- Screenshot of ABC FlowCharter version 1.1
- Developer: Micrografx
- Initial release: 25 August 1989; 36 years ago
- Written in: MS-DOS
- Operating system: Windows
- License: Proprietary license
- Website: www.qbssoftware.com/product/igrafx-flowcharter/

= ABC FlowCharter =

ABC FlowCharter is a flowchart program originally from Texas-based Micrografx, Inc. The trademark for this software was filed on August 25, 1989, and registered in January 1991. It is also known as Micrografx FlowCharter
and iGrafx FlowCharter.

Version 4.0 of ABC FlowCharter was released in 1995. It integrated the ABC ToolKit software from Micrografx and included new diagramming tools and templates.
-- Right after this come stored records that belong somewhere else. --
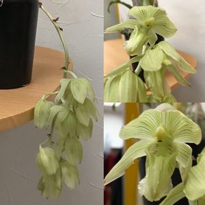 🌸クロウェシア ルッセリアナ🌸 開花間近😊 何度も株分けした古株のルッセリアナです😊 リップにあたる部分が膨らみストライプがハッキリ出てきました🧐 クロウェシア独特の垂れ咲きで香りもありライムグリーンにストライプが浮かびます🧐 🆖 水苔が古くなると害虫の棲家になったり菌、カビ、ウイルス発生のリスクが高くなります😥 水苔の最大のメリットは保水性ですが逆にそれがデメリットにもなります💧 4A以上でも最低でも二年に一回は植え替えして下さい🧐 水苔が古くなると根腐れ、病気の元😣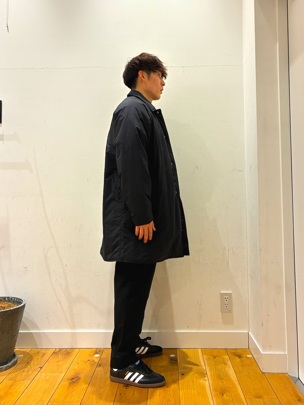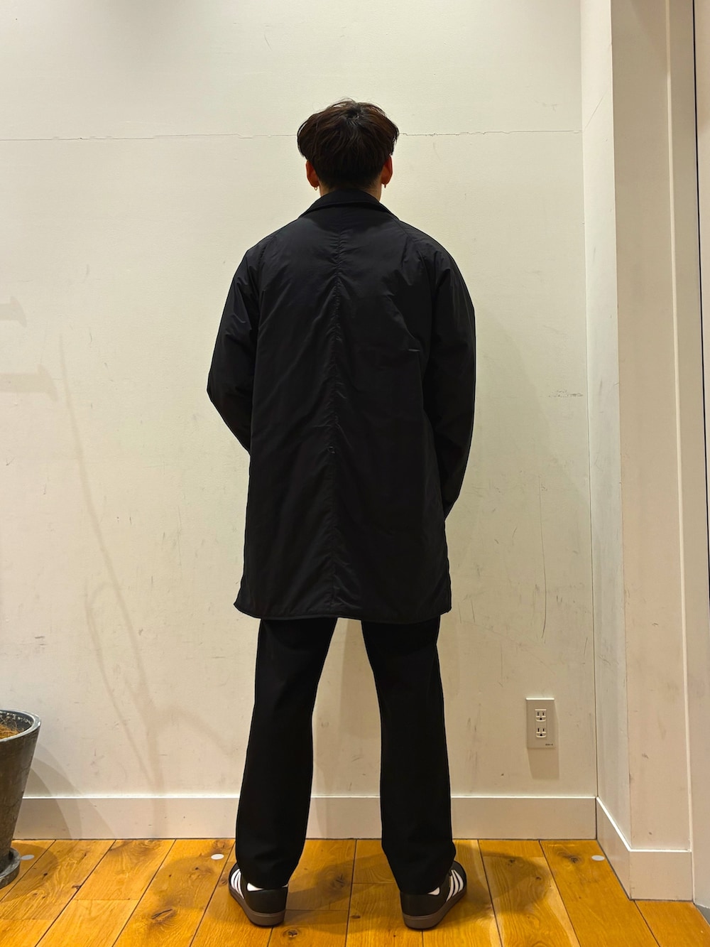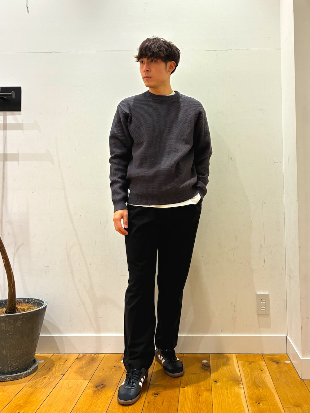 ウォッシャブル可能でとても着心地が良いワッフルニットにオリジナルコットンを使用した白のロンTをレイアードしています!その上にはポリエステル素材になっているコートを着ています!こちらはスーツの上からでも似合うと思います!このコーデに合うようにパンツは柔らかい生地を使っているスラックスのようなパンツを着用しています!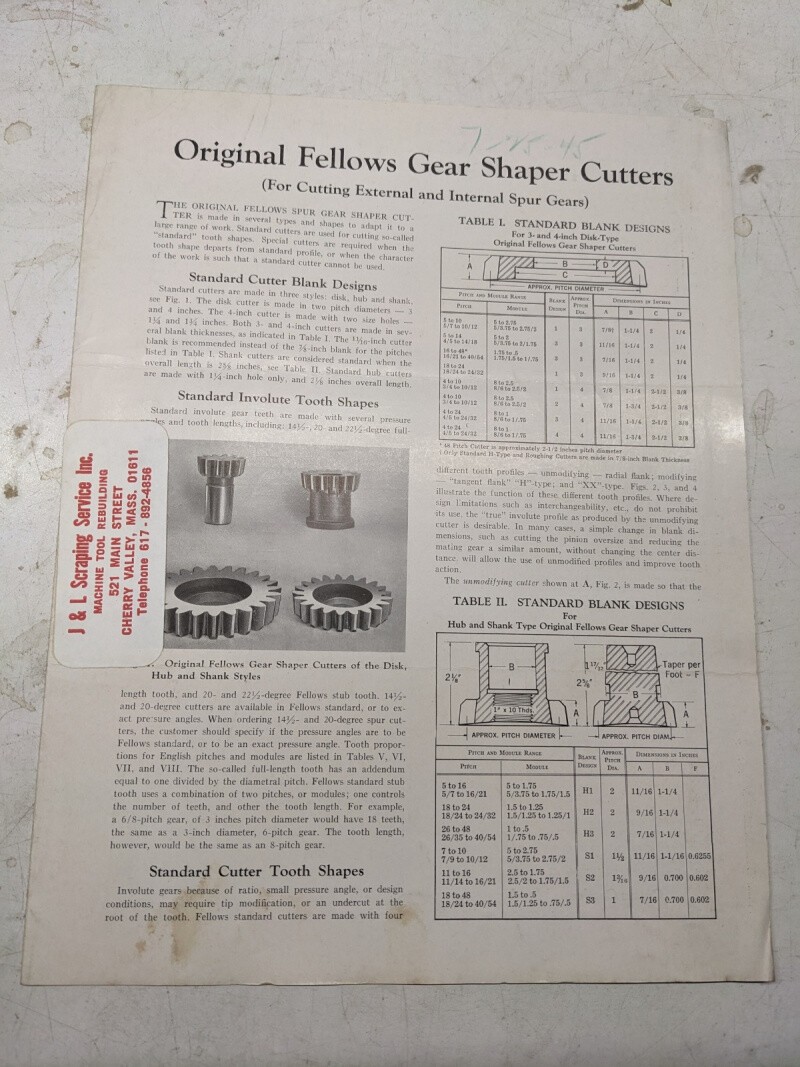 Fellows Machining Instructions Gear Shaper Cutters 1944

The software added intelligent line routing, which automatically routed connecting lines around other shapes. This software was compatible with an IBM 386 computer with Windows 3.1, 5 Mb of RAM, a VGA monitor, and it required 21 Mb of hard disk space.

Following the acquisition of Micrografx by the Canadian company Corel in 2001, ABC FlowCharter was then maintained by the separate business unit iGrafx, formed in 2003. The software package was renamed to "iGrafx FlowCharter 2003". As of 2018, the currently available version of this software package is "iGrafx FlowCharter".